All of lore.kernel.org
 help / color / mirror / Atom feed
From: Tvrtko Ursulin <tvrtko.ursulin@linux.intel.com>
To: "Goel, Akash" <akash.goel@intel.com>, intel-gfx@lists.freedesktop.org
Subject: Re: [PATCH v4] tools/intel_guc_logger: Utility for capturing GuC firmware logs in a file
Date: Wed, 12 Oct 2016 14:32:17 +0100	[thread overview]
Message-ID: <0fcf3442-1697-e83a-55c1-f57c19fe9c22@linux.intel.com> (raw)

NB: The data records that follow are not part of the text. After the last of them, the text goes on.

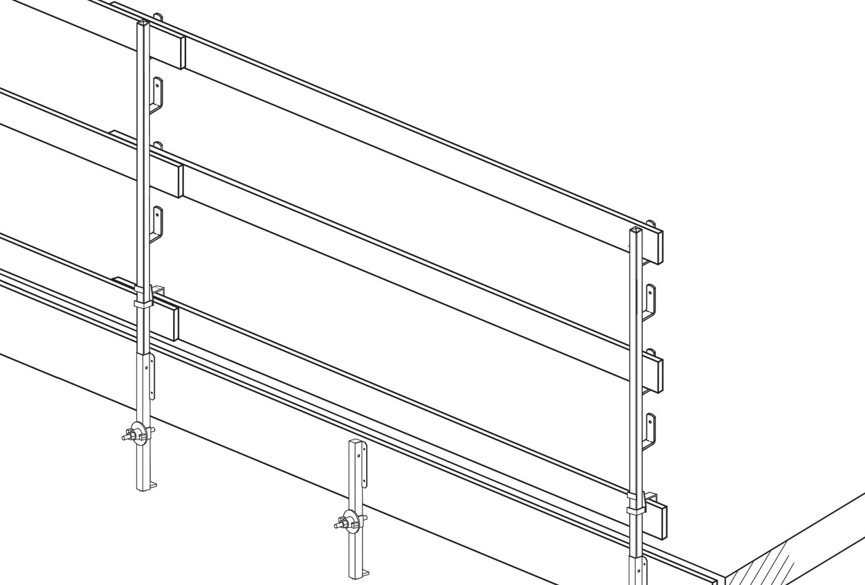 Gelænderstolpen er rygraden i PROTECTO-systemet. Den bruges som holder for rækværk af brædder, rør eller PROTECTO-hegn. Afstanden mellem gelænderstolperne (fra 2,0 - 2,4 m) afhænger af valget af rækværkstype. Når gelænderstolpen stikkes ned i de forskellige beslag, sikres den automatisk mod løft med den indbyggede lås. Gelænderstolpen er varmforzinket.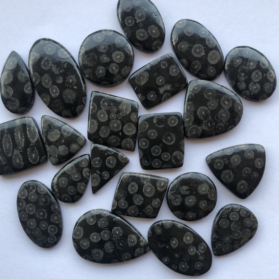 Product Name:Natural Black Fossil Coral Smooth Free Size Loose Cabochon Gemstone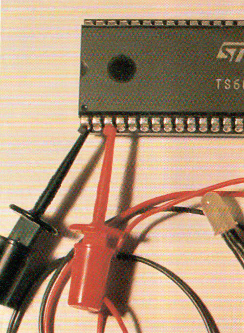 Ein Wort zur »lötfreien« Konstruktion: Lighthouse liefert alle Drahtverbindungen zu Schaltern und LEDs fertig gelötet und mit Schrumpfschlauch isoliert. Die Kabel enden entweder in Lüsterklemmen (müssen also abisoliert werden) oder in feinen Greifklemmen (s. Abb.), die an die Beinchen von ICs oder Kondensatoren etc. angebracht werden. Löten ist tatsächlich nirgends unbedingt erforderlich und die liebevoll bebilderte und ausführliche Umbauanleitung dürfte alle Unklarheiten aus dem Weg räumen. Trotzdem bieten solche Greifklemmen nun einmal längst nicht die Sicherheit von Lötverbindungen: Sie können oxidieren oder abrutschen und provozieren Wackelkontakte. Besonders kritisch ist die Geschichte am Floppycontroller WD1772: Hier muß Pin 18 durchtrennt und mit einem Draht zum Octobus verbunden werden. Wer die Möglichkeit hat, sollte solche wichtigen Kontaktstellen unbedingt löten, denn es gibt nichts ärgerlicheres als ein Wackler mitten in einem Schreib-/Lesevorgang...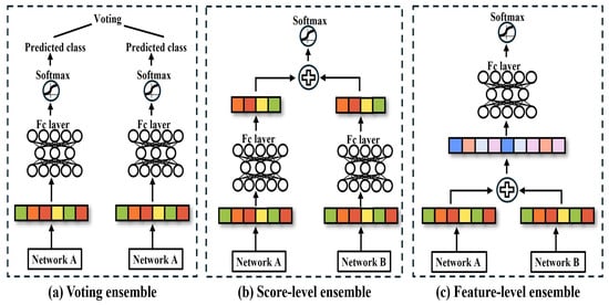 Islam et al. [6] recognized emotions through feature extraction algorithms such as HOG and LBP and SVM, a representative machine learning model for the initial FER system. Unlike the deep learning network methods, the HOG and LBP feature extraction methods extract handcrafted features by separating the feature extraction step from the classification step; but, the accuracy of emotion classification was verified to be low due to the limitation of learning high-dimensional nonlinear patterns. With the development of deep learning networks, Krizhevsky et al. [7], who used convolutional neural networks (CNNs), verified the effectiveness of high-dimensional nonlinear pattern analysis through filter-based convolution operations. Ravi et al. [8] verified the superiority of a CNN by comparing and analyzing two methods, LBP and CNN, on the same FER database. CNN-based networks extracting local features face limitations due to the inductive bias of local connectivity and spatial invariance. It is difficult to consider the correlation of local features such as eyes and mouths in the feature extraction process of facial images using CNN-based networks. The vision transformer (ViT) proposed by Dosovitskiy et al. [9] solved the limitations of CNNs by obtaining correlation information between each patch through an attention block of a linearly projected image in patch units and using global features of expressions. Chaudhari et al. [10] verified that ViT had higher a accuracy than CNN in FER. CNN and ViT are easily overfitted to the training DB when designed as a single network, making it difficult to improve classification accuracy with high sensitivity in real-world environments. To address the limited performance of a single network, Xu et al. [11] proposed a voting ensemble method, Singh et al. [12] developed a score-level ensemble method, and Karnati et al. [13] proposed a feature-level ensemble method. Existing ensemble networks’ performances are determined by a single network, so important information exchange between the networks is insufficient and the feature information of each network is lost during the ensemble process.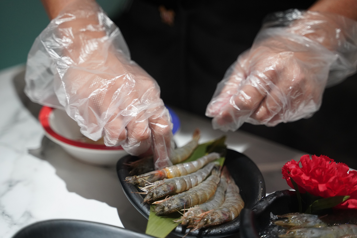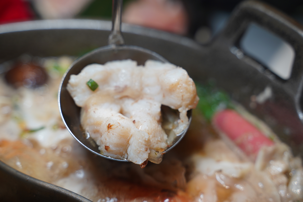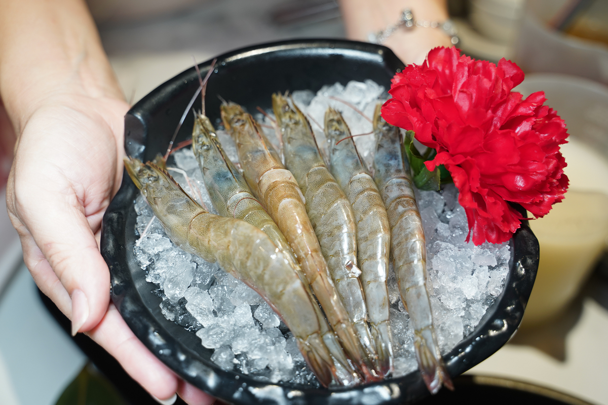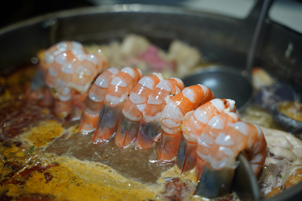 來肉多多火鍋吃蝦還有服務人員在桌邊服務協助剝蝦也太貼心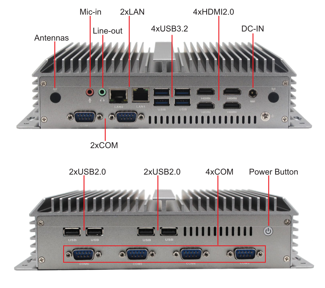 I/O Ports: 4xUSB3.2, 4xUSB2.0. 2xLAN, 6xCOM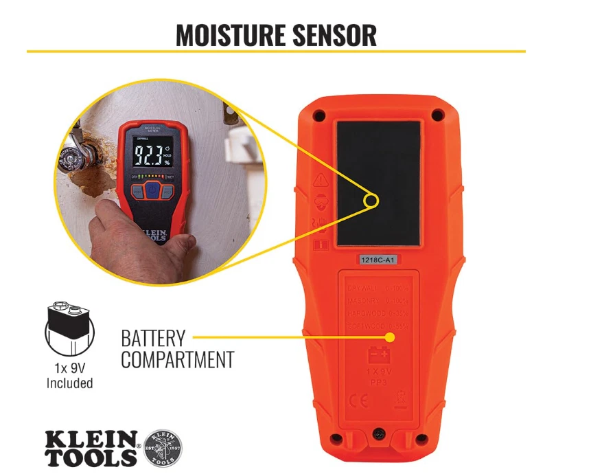 Klein Tools ET140 Pinless Moisture Meter - Detects 3/4"" Below Surface WATER LEAK DETECTOR detects relative moisture content from leaks and flooding PINLESS MOISTURE METER measures relative moisture content in building materials NONDESRUCTIVE DETECTION up to 3/4-Inch deep using Electromagnetic field (EMF) technology USE ON DRYWALL, MASONRY, HARDWOOD, AND SOFTWOOD; calibrated for these materials only REVERSE-CONTRAST DISPLAY for easy viewing of reading and nine LED bars to indicate moisture range FULL FEATURE TOOL includes hold, low battery, and auto-power off functions COMPLETE MOISTURE METER KIT includes meter with 2m drop protection, 9V battery, and instruction manual When you receive your order and have any queries or concerns about the product, feel free to message us. We guarantee 100% resolution for you. Our commitment is to provide high-quality products and exceptional customer service, ensuring your trust and satisfaction.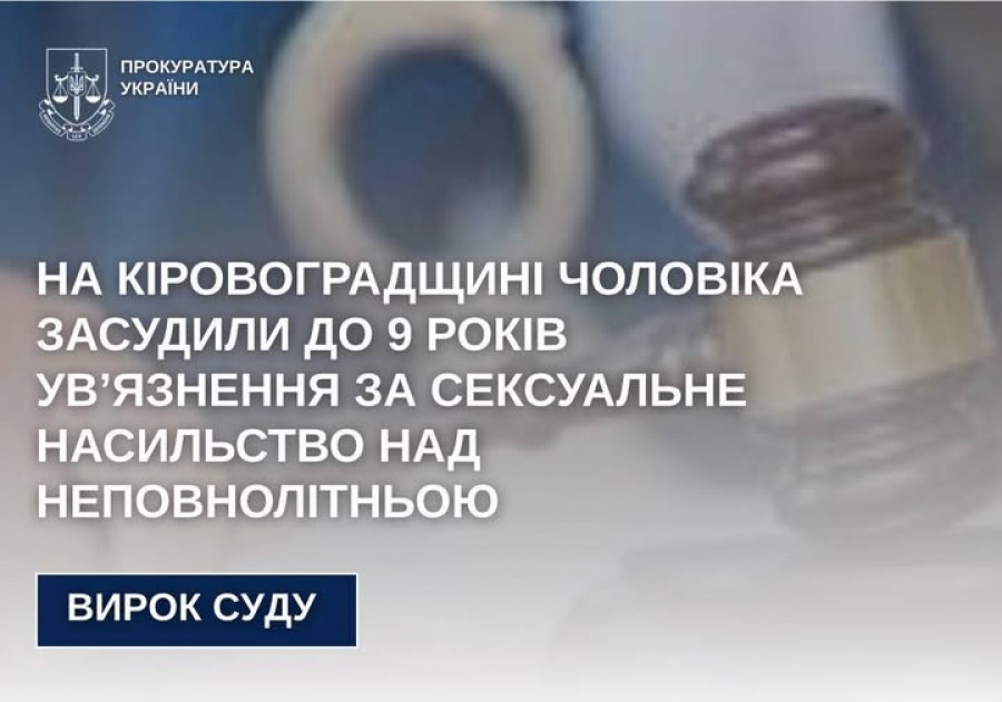 За публічного обвинувачення прокурорів Кіровоградської обласної прокуратури Знам’янський міськрайонний суд ухвалив обвинувальний вирок 29 річному чоловіку, який вчинив сексуальне насильство щодо неповнолітньої.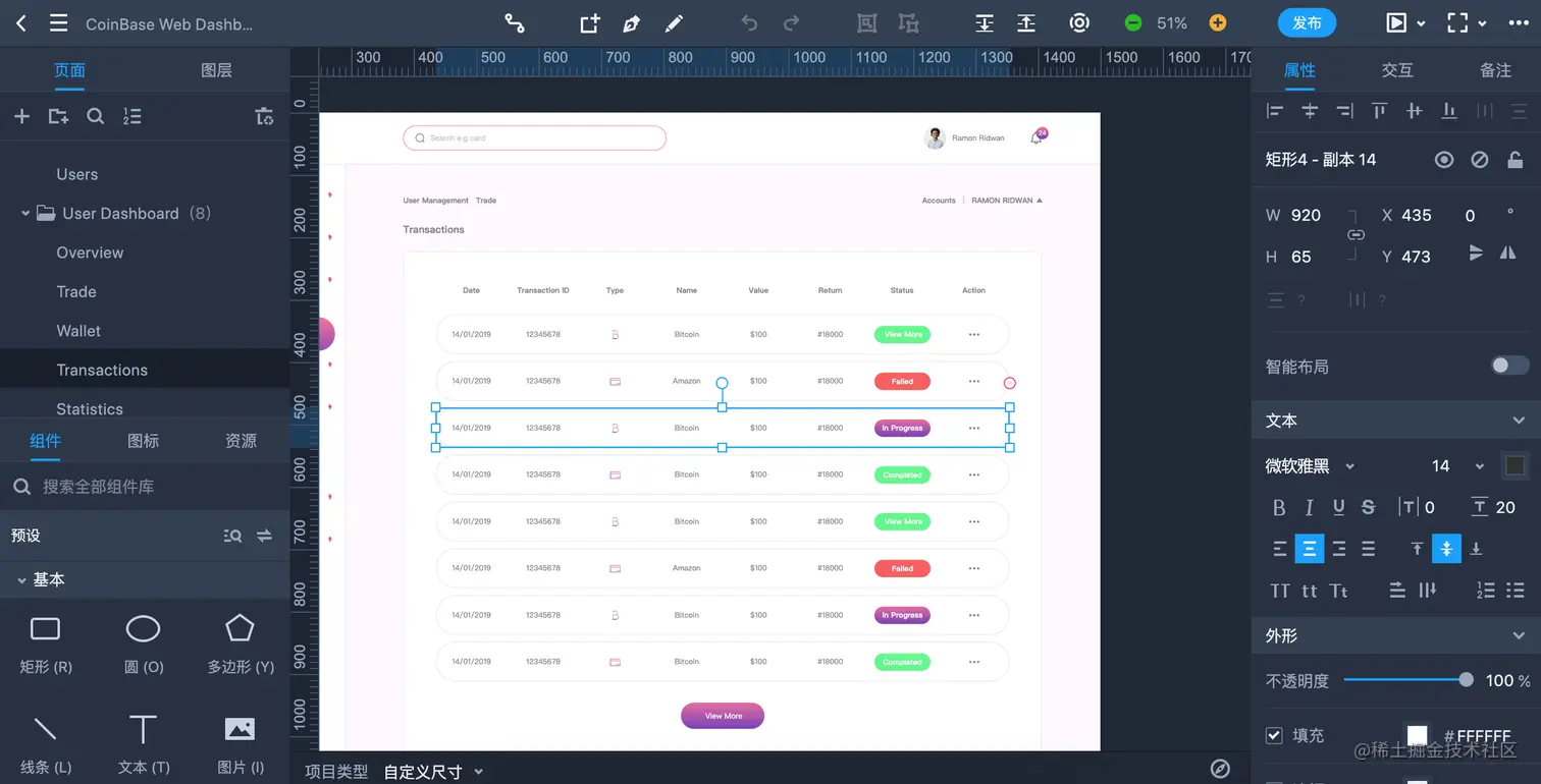 比如CoinBase后台管理原型模板,我们就可以直接导入到原型设计软摹客RP中。

In-Reply-To: <080dacb9-dff0-4963-af40-c2d47b497c8c@intel.com>


On 10/10/2016 15:31, Goel, Akash wrote:
>
>
> On 10/10/2016 7:22 PM, Tvrtko Ursulin wrote:
>>
>> On 10/10/2016 11:59, akash.goel@intel.com wrote:
>>> From: Akash Goel <akash.goel@intel.com>
>>>
>>> This patch provides a test utility which helps capture GuC firmware
>>> logs and
>>> then dump them to file.
>>> The logs are pulled from a debugfs file
>>> '/sys/kernel/debug/dri/guc_log' and
>>> by default stored into a file 'guc_log_dump.dat'. The name, 
>>> including the
>>> location, of the output file can be changed through a command line
>>> argument.
>>>
>>> The utility goes into an infinite loop where it waits for the arrival
>>> of new
>>> logs and as soon as new set of logs are produced it captures them in
>>> its local
>>> buffer which is then flushed out to the file on disk.
>>> Any time when logging needs to be ended, User can stop this utility
>>> (CTRL+C).
>>>
>>> Before entering into a loop, it first discards whatever logs are
>>> present in
>>> the debugfs file.
>>> This way User can first launch this utility and then start a
>>> workload/activity
>>> for which GuC firmware logs are to be actually captured and keep
>>> running the
>>> utility for as long as its needed, like once the workload is over this
>>> utility
>>> can be forcefully stopped.
>>>
>>> If the logging wasn't enabled on GuC side by the Driver at boot time,
>>> utility
>>> will first enable the logging and later on when it is stopped (CTRL+C)
>>> it will
>>> also pause the logging on GuC side.
>>>
>>> v2:
>>> - Use combination of alarm system call & SIGALRM signal to run the
>>> utility
>>>    for required duration. (Tvrtko)
>>> - Fix inconsistencies, do minor cleanup and refactoring. (Tvrtko)
>>>
>>> v3:
>>> - Fix discrepancy for the output file command line option and update 
>>> the
>>>    Usage/help string.
>>>
>>> v4:
>>> - Update the exit condition for flusher thread, now will exit only 
>>> after
>>>    the capture loop is over and not when the flag to stop logging is 
>>> set.
>>>    This handles a corner case, due to which the dump of last captured
>>> buffer
>>>    was getting missed.
>>> - Add a newline character at the end of assert messages.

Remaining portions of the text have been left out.